SHARE

News Alert: Citius Pharmaceuticals Receives FDA Approval For LYMPHIR™ (Denileukin Diftitox-Cxdl) Immunotherapy For The Treatment Of Adults With Relapsed Or Refractory Cutaneous T-Cell Lymphoma. Click to Read More.

With the cannabis market heating up again, new investors to the sector are often at the crossroads asking themselves, should I invest in U.S. cannabis companies or Canadian ones? The Cannabis Act (C-45) of June, 2018, paved the way to the legalization of cannabis in Canada on October 17, 2018, but in the states discussions are starting to brew in Congress to present a bill to fully legalize marijuana on a federal level. Speculative investors are left with the complex decision of where to place their bets within the crowded marijuana space. If you can’t make up your mind, then how about one that is the best of both worlds, but first, let’s do a deep dive into the sector.

The Marijuana Sector

The marijuana industry is comprised of a wide assortment of companies that are engaged in the research, development, distribution, and sale of medical and recreational marijuana. Cannabis has begun to gain wider acceptance and has been legalized in a growing number of nations, states, and other jurisdictions for recreational, medicinal, and other uses. Some of the biggest companies in the marijuana industry include Canopy Growth Corp. (CGC), Cronos Group Inc. (CRON), and Tilray Inc. (TLRY). Many big marijuana companies continue to post sizable net losses as they continue their build out of equipment and grow facilities in order to speed up their revenue growth.  The big boys know that the revenues are a key ingredient of their land grab strategy, and fortunately for them, revenues have remained strong despite the pandemic-spurred economic downturn. This “Best of Both Worlds” company that we are unveiling is actually at the point of profitability.

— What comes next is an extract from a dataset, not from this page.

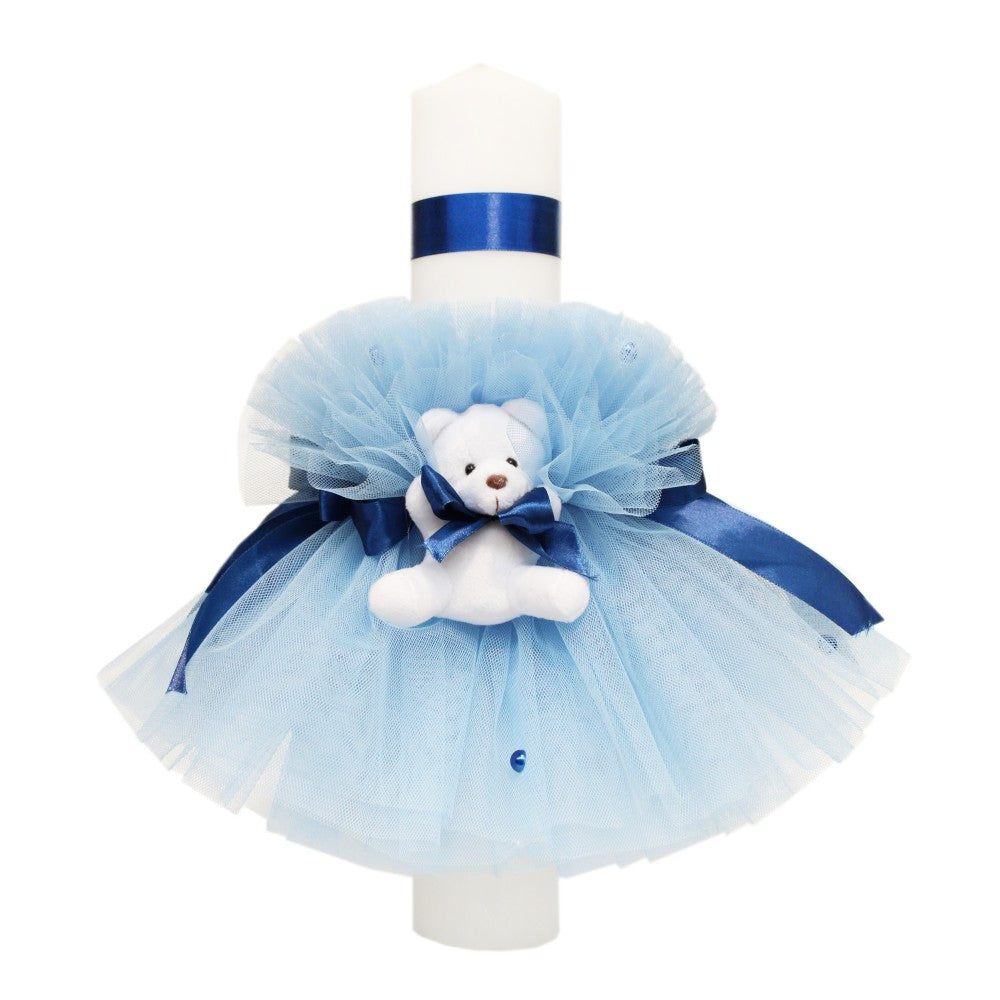 Lumanarea pentru botez este confectionata din ceara alba si este accesorizata cu tulle bleu tip fusta, fundita bleumarin si ursulet de plus.

The enigma in the marijuana sector is that if any segment of your business deals with marijuana, no matter how inconsequential it is, then the entire company is typecast as either a cannabis stock, pot stock, weed stock, or marijuana stock. Based on this mindset, the space appears to be crowded and almost too complex for the average investor to grasp. There are too many factors to consider, and adding the U.S. versus Canada choice complicates the decision even more. Since Canada represent legalized marijuana, many investors tend to gauge these stocks based on actual earnings and growth. The U.S. companies have an element of speculation, due to the potential national legalization. This would brand U.S. cannabis stocks as a “ground floor” or earlier in the game type opportunity versus its Canadian counterparts.

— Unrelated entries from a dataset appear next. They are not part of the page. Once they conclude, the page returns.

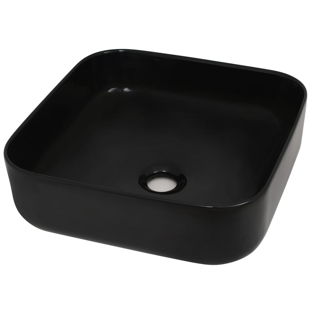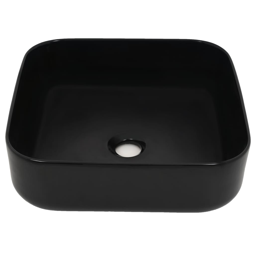 Lavabo carré céramique 38 x 38 x 13,5 cm vasque salle de bain toilette noir 02_0002537
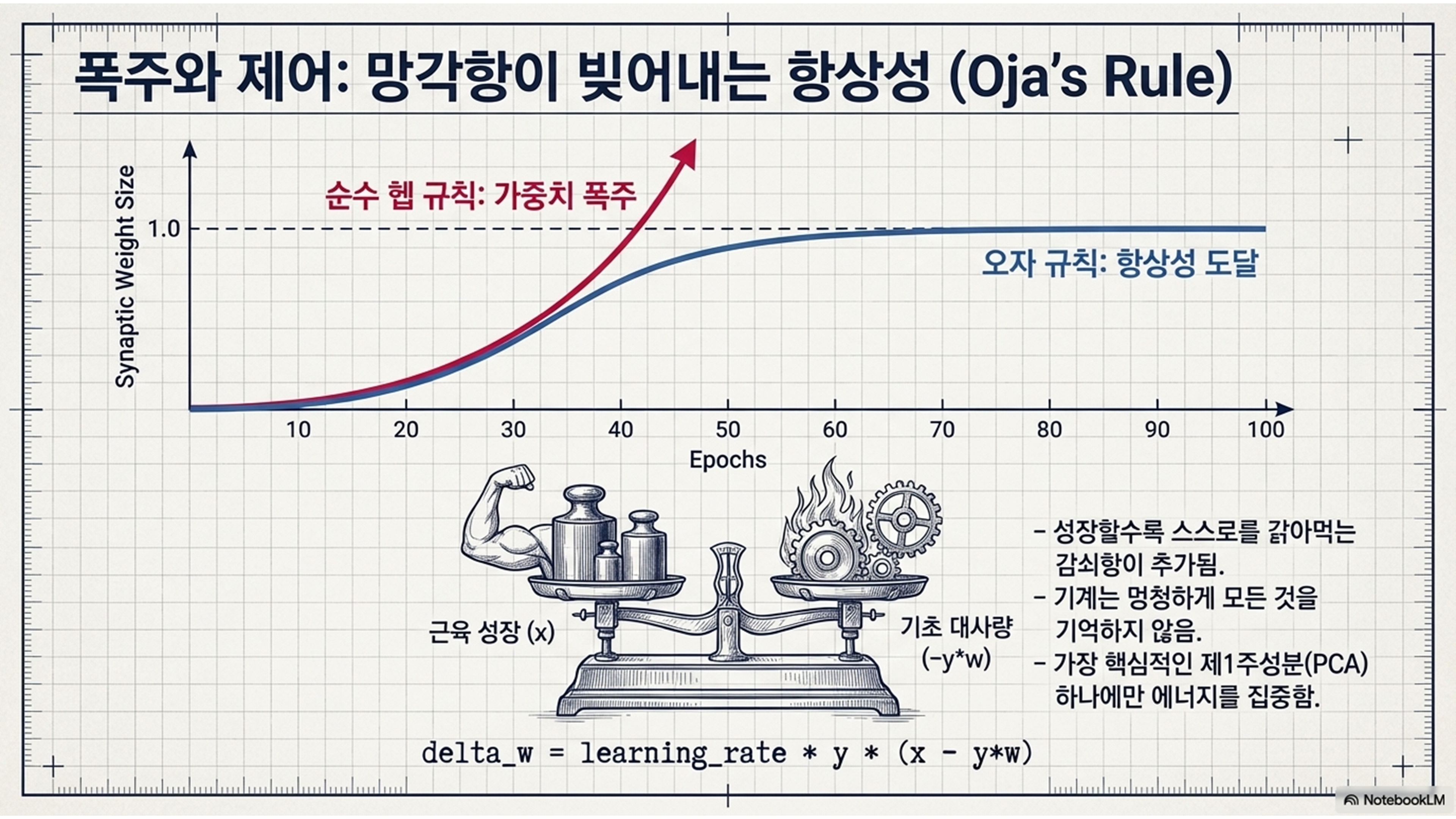 망각항의 수학적 의미와 주성분 분석: 수식 괄호 안의 빼기 부분, 즉 망각항(\(-yw\))이 바로 폭주를 제어하는 브레이크 역할을 함. 파이프가 굵어질수록(\(w\)가 커질수록) 빼주는 감쇠값도 같이 커져, 결국 특정 한계치(1.0)에 수렴하도록 시스템을 자동 강제함.
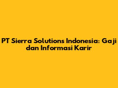 PT Sierra Solutions Indonesia: Gaji Dan Informasi Karir

In order to get classified as a cannabis stock, business can do anything from growing and wholesaling, lab work, CBD oils to isolate, retail shops, medical dispensaries, seeds, clones, edibles, real estate, lighting, soil and more. When there are so many choices it is virtually impossible to compare investments? 

A key question that investors ask in a crowded sector is …what makes this company different from its competition? Normally it’s a leader in its subcategory or it’s unique.  The stock that represent the best of both worlds is very unique because it has a footprint growing by leaps and bounds in Canada, but it also has a U.S. based businesses set to surpass its Canadian growth within the United States, giving investors who are unsure where to invest, the Best of Both Worlds.

Legalization in the U.S.

Pot stocks have thrived in 2021 as Democrats’ control of the government boosts the odds of legalization. President Joe Biden indicated during his campaign he would move to decriminalize the drug. Democrats in Congress have echoed such calls and taken additional steps, pushing for the full legalization of cannabis in the US.

The renewed effort to reschedule marijuana has been a major boon for pot producers. While several states have either decriminalized or fully legalized the drug, a change of the federal drug law would open up the rest of the US and rapidly expand the marijuana market.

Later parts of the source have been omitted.